Ok I wil wait for you to get back.


----------



## TEX-O-BOB (Sep 12, 2007)

deadicated1 said:


> ey im just curious, how do you know where the birds will be coming from at each different place? is it like 5-stand, where they have numbers, or do you just have to watch and learn, or what?


Unlike 5 stand, the birds are thrown from all over the place. At each stand you can watch the people in front of you or ask to "see a pair" before you start shooting. Trust me, some times it helps very little to know where they're coming from! :twisted:


----------



## bwhntr (Sep 12, 2007)

"See a pair"??? What am I missing out on????? :mrgreen:


----------



## chet (Sep 7, 2007)

my pair seems to make the gun appear smaller than it actually is.............. no really....


----------



## TEX-O-BOB (Sep 12, 2007)

bwhntr said:


> "See a pair"??? What am I missing out on????? :mrgreen:


  You'll never know until you pull your head out of your "A" and take your gun to work on Tuesdays!  8)


----------



## scattergunner (Sep 21, 2007)

I went to St. G last week with the fam and friends. We hit the Oasis Gun Club's Sporting Clays last Friday. That was the second time I shot that course. What a riot! Everytime I find myself thinking, "Man, I sure wish there was something like this closer to home." Tuesday night would normally be a good night for me, but now with baseball under way, and my boy being in the Tuesday/Thursday League, I'll have to wait for a bye or early game. I didn't even know there was a Magna Gun Club or that there was a sporting clays course closer than Tooele or Utah county. I'm going to have to get out there and shoot a time or two with you guys.


----------



## deadicatedweim (Dec 18, 2007)

I live in Utah county and will make the trip up there if anybody else wants to come along. I just feel like its a waste of gas for one person to go, and the shotgun with a sling doesnt go well on the motorcycle.  So if any body is interested send me a pm with your number and I will call you and make arrangements.


----------



## TEX-O-BOB (Sep 12, 2007)

Be there or be square boys!

6:00 pm we start shootin. It's gonna be a nice night too. T-shirt weather!


----------



## deadicated1 (Mar 17, 2008)

hey tex- how was the t shirt weather tonight? did you guys still go? i hope nobody pursed out from the wind!!


----------



## TEX-O-BOB (Sep 12, 2007)

No, all us *men* were there.

As for all you other Poosies, grow some skin, a little wind and rain never hurt anybody. 8)

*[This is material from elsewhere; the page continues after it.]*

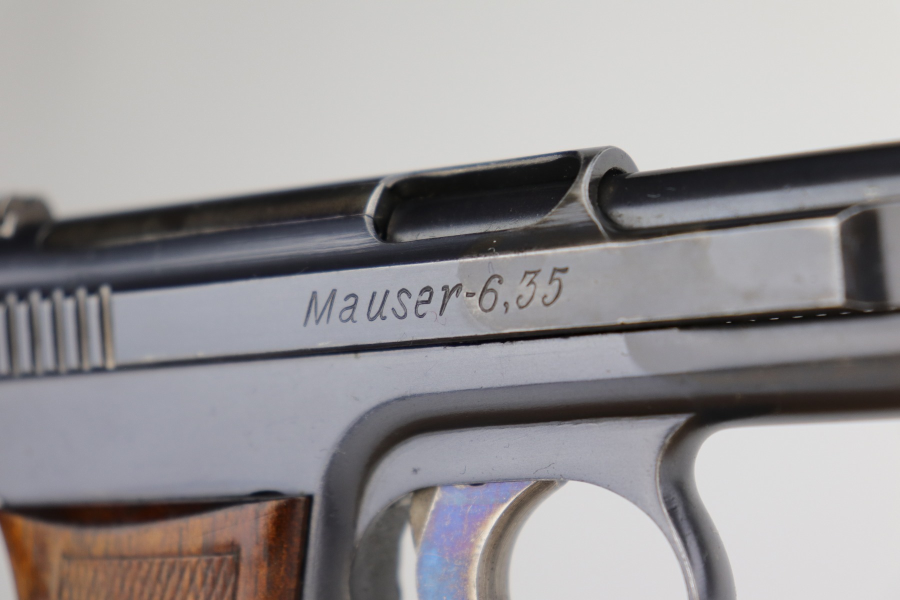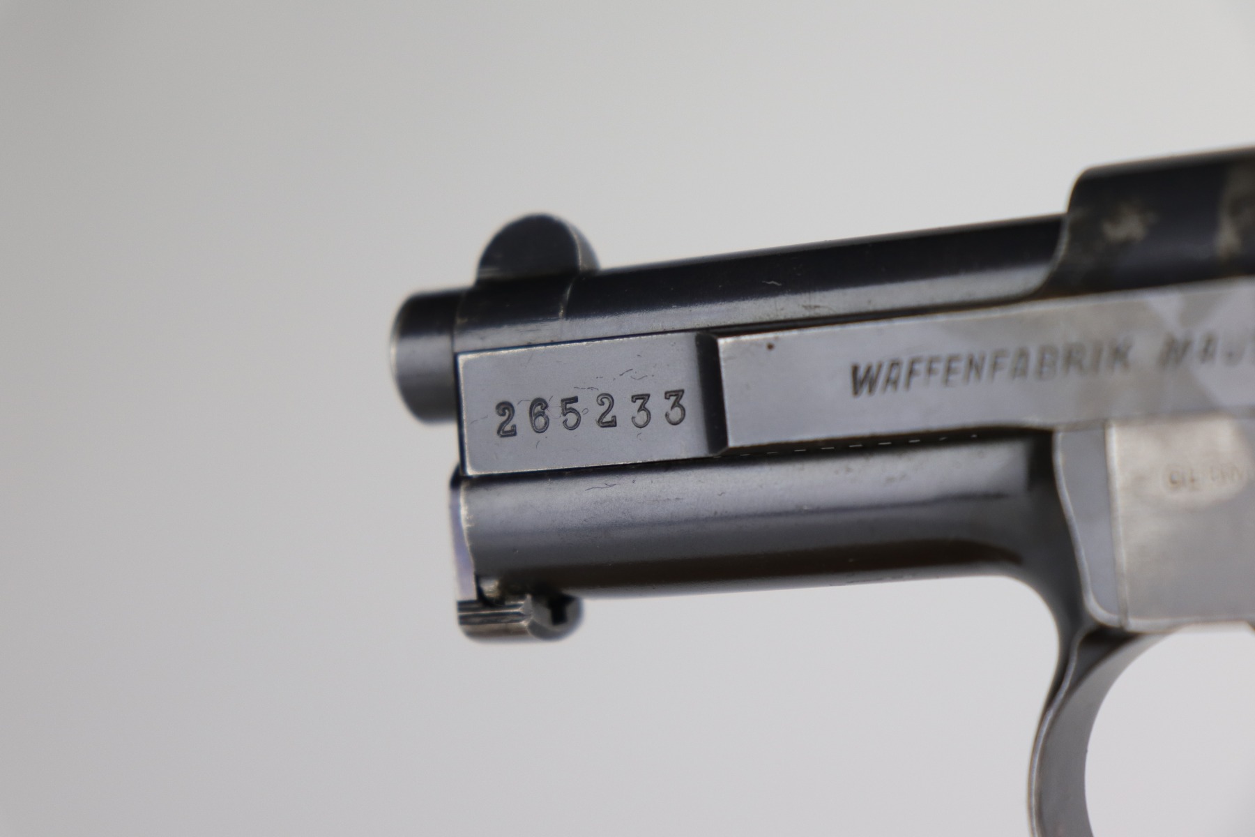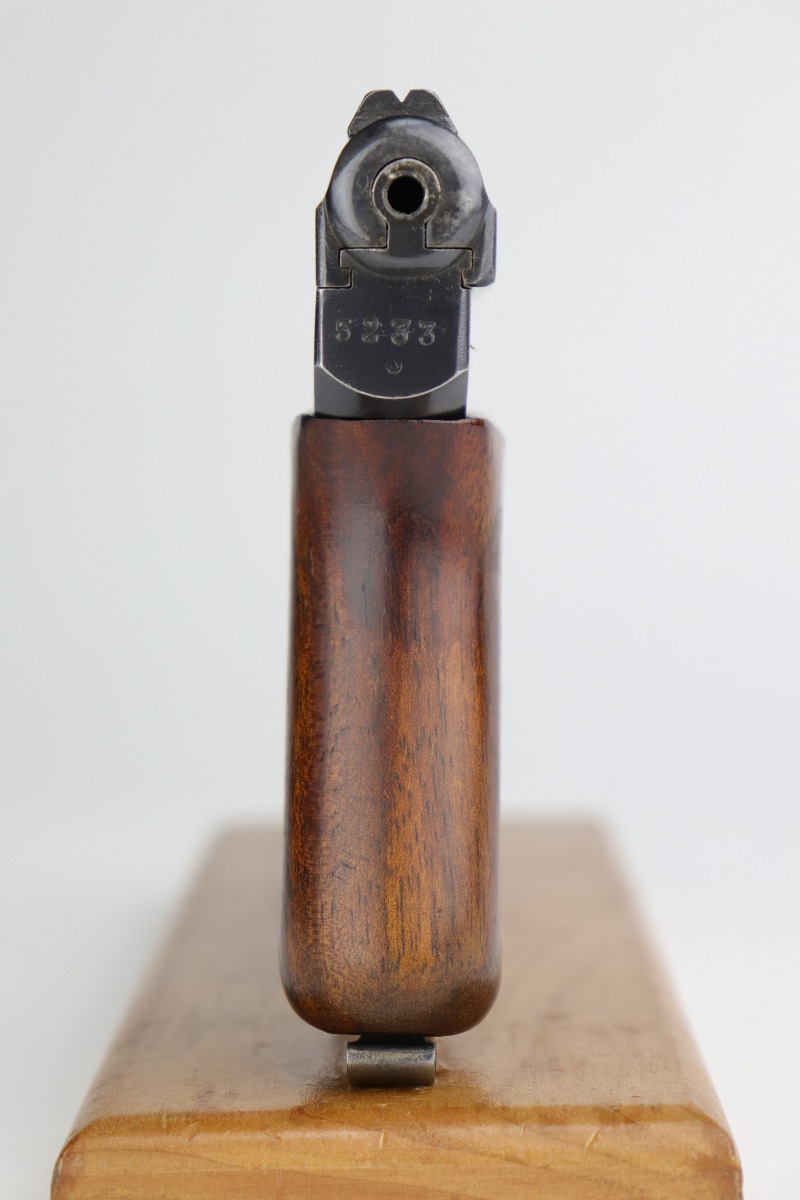 11/3/20 – This is a very nice example of a Mauser Model 1910, manufactured in the 1920’s, chambered in .25 ACP. It is all matching and has a “Germany” export mark, indicating it was likely sold to the international commercial market. It has a “triangle in circle” marking on the tang. As of now, the meaning of this marking is unknown, although some say it has a connection to the Portuguese market. It has retained somewhere between 85 and 90% of its original finish. There is minor muzzle wear and wear on the high edges of the slide. The most noticeable wear is a large area of discoloration that can be seen on both sides and top of the slide. It comes with a very nice period-correct grip and period-correct magazine. The bore has decent rifling, but there is minor pitting throughout.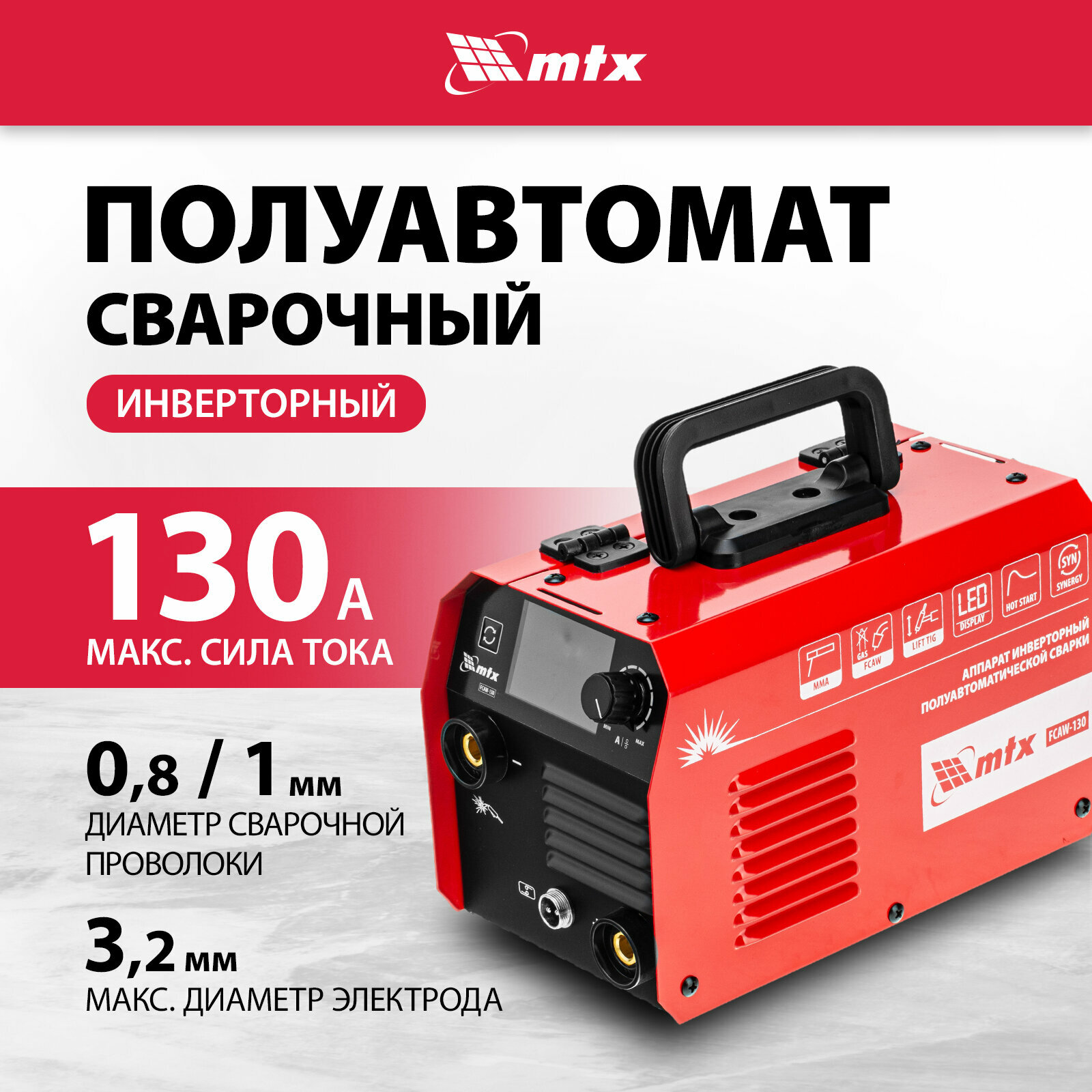 Сварочный аппарат-полуавтомат инверторный MTX, FCAW-130, 130 А, ПВ 60%, 94300 информация:

It actually wasn't all that bad. It started to blow right when we got to the first station and then it calmed right down and was really nice the rest of the night. I was in shorts and a t-shirt and it was perfect weather. Fun coarse too as usual. I started out running the first 20 then things went down hill from there...  I think I finished with a 72 and Clint shot an 81.

Good times.


----------